**WORK INSTRUCTION:** Quote exactly and only this range of lines in the data below: the line that holds "40 位作者写济南名泉的游记 45" to the line that holds "적조전 앞에 부처님의 발자국을 새긴 연꽃 모양의 돌받침이 놓여 있다. 색다르다.", both included.

═════ DATA SHOWN

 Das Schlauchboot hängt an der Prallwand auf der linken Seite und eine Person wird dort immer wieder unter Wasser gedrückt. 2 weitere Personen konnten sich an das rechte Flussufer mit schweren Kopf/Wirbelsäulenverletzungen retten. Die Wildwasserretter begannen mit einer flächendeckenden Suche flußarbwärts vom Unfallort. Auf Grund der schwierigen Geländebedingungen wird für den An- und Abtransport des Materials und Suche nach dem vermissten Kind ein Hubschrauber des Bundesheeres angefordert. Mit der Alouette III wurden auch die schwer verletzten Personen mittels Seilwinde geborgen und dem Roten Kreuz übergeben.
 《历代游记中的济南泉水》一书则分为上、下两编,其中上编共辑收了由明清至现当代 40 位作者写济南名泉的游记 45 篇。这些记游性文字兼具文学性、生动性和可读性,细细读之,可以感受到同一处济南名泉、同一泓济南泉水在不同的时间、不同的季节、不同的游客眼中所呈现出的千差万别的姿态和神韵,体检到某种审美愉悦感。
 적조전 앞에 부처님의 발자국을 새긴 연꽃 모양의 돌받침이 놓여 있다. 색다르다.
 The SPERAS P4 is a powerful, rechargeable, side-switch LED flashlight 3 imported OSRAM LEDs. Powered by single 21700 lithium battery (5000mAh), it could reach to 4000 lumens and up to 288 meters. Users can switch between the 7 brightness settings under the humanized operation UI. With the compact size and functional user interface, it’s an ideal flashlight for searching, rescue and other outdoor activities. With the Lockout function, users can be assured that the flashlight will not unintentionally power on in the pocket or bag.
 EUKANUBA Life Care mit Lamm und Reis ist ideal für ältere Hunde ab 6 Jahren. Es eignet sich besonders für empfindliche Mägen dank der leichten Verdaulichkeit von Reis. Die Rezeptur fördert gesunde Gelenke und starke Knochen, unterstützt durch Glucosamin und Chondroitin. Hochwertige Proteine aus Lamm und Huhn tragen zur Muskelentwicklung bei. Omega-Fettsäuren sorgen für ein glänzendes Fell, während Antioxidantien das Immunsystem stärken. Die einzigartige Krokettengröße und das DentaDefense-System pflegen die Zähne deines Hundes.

══════════

**TASK OUTPUT:**
 《历代游记中的济南泉水》一书则分为上、下两编,其中上编共辑收了由明清至现当代 40 位作者写济南名泉的游记 45 篇。这些记游性文字兼具文学性、生动性和可读性,细细读之,可以感受到同一处济南名泉、同一泓济南泉水在不同的时间、不同的季节、不同的游客眼中所呈现出的千差万别的姿态和神韵,体检到某种审美愉悦感。
 적조전 앞에 부처님의 발자국을 새긴 연꽃 모양의 돌받침이 놓여 있다. 색다르다.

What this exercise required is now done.